Every genealogist I know likes a good obituary. It isn’t that we like the fact that someone has died. Nope. That is not what a genealogy researcher wants at all. It’s about the facts, ma’am.
Where else can a genealogist find out so much about someone you don’t know? It is often the genealogy equivalent to winning lotto.
Don’t think we are morbid. Please. We’re not. We may be a little OCD when it comes to focus and getting the details, but when the genealogist looks for a family history and locates ancestors, that’s like the Powerball. Big winnings.
So what has happened to this genealogy researcher is this: I’ve come to read the obituaries very closely, every single day of the week.
In them, you see family jokes, family friends, and sometimes family enemies. You see where the person worked. Where they donated money. You sometimes see what they died from. There are lots of details for the genealogist. Obits list birthplaces and schools. The ancestor search can turn up lots from the local paper this way. Online obits are just as fulfilling but you can’t clip them, so this genealogist prefers the paper kind.
Take this morning. I read my local paper and my genealogy researcher glasses were on. This Sunday morning was particularly full. Sundays are that way because people know everyone is looking. For me, it is genealogist heaven. Three pages of them and way more details than I could imagine.
I learned about a few famous ones and a few young ones gone—so sad. I saw the outpouring of love for a few their families said were good men. And then, there were three, yes three, women who had just reached one hundred years. You really catch the trends!

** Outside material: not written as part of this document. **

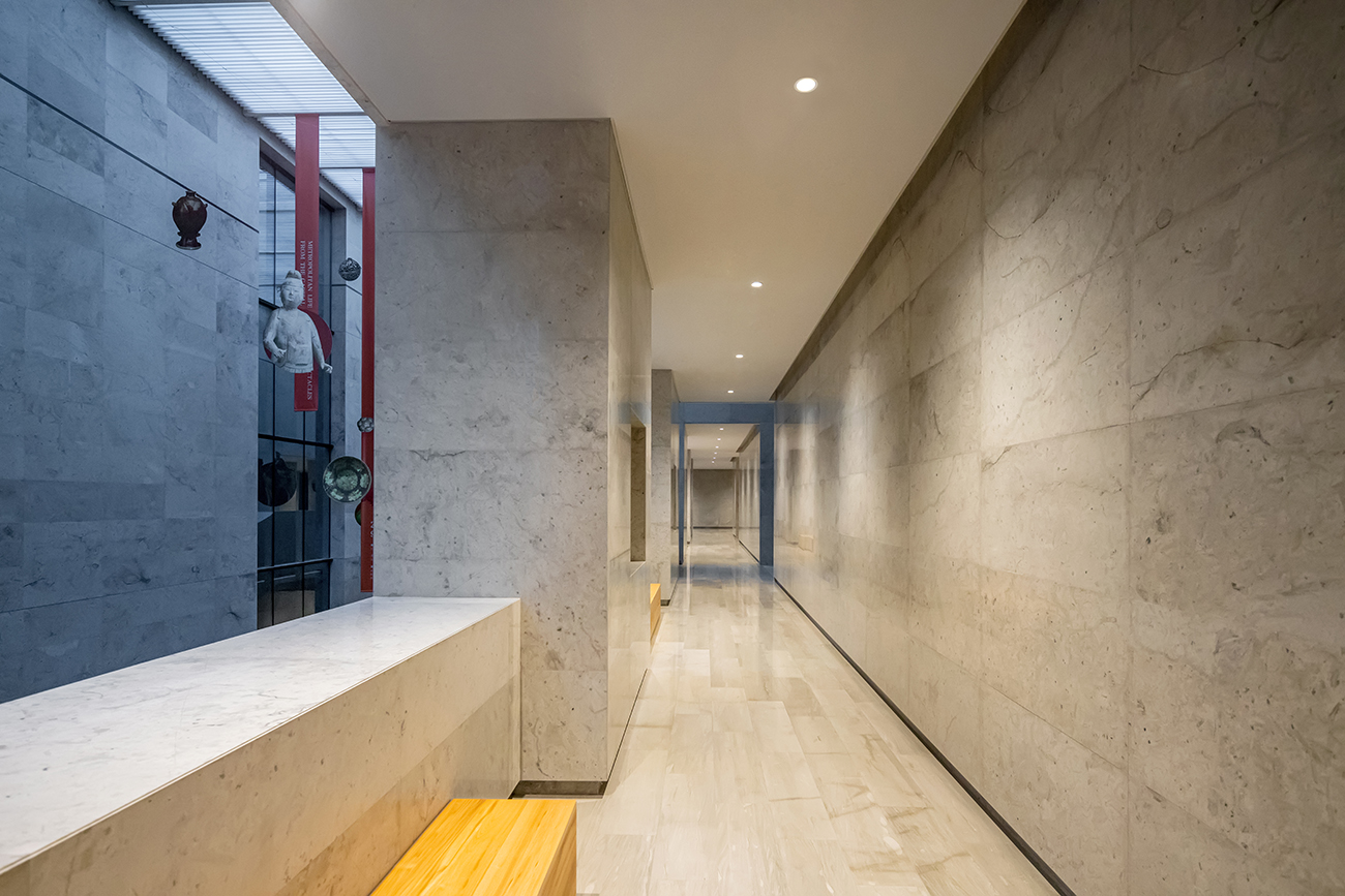 漫步在博物館寬敞明亮的過道,陽光透過玻璃的折面傾灑在牆面,建築外形冷冽切割的線條配合著室內(nèi)柔和的光線,體會到的是一種古老與現(xiàn)代交織的奇妙感受。

I saw which European or Russian areas people came from and to where they came first and moved next. Some of those obituaries told every company the person had worked for which gave me a sort of genealogist business listing tour. I also saw maiden names and on some of them, names of companions. For the genealogist who is searching for LGBT people, today’s obituaries are providing lots more details than they used to. Far more than when things were all bungled up in secrets. Yet, there is still a bit of a code that the genealogist has to learn, as in discerning what “companion” and “friend” mean. Though some are trailblazing, not too many are putting in “husband” for a man’s spouse, yet.
And the last names. I have seen so many new and unusual last names. And when I find my family’s last names, even if I don’t know the person who died, I clip the obit and save it. Right to the file. This genealogist hopes to connect them all– someday.

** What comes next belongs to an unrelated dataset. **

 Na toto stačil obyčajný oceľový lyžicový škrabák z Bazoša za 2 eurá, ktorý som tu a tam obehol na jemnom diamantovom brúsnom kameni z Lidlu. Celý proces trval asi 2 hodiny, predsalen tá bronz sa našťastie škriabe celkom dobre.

I recall when my dad told me he was always reading the obits just in case he saw someone he knew. That was a decade ago and I chuckled. Guess what? Now, I read the obits right after I read the front page. Is it because I’m aging or because I’m a genealogist? When I recently had my newspapers held for a week, do you think this genealogist read the news in every one of those papers? No way! I went right for the obits. Totally skipped the front page on most days. I just skimmed the whole paper till I got right to the obits and then I focused closely to see if I’d missed anyone I know, might know or might have a friend who knows.
That’s how it goes around here in genealogist heaven. We’re looking for the facts. And when we find ‘em—we put them in the family history researcher files. It is just so exciting. But every genealogist knows this already.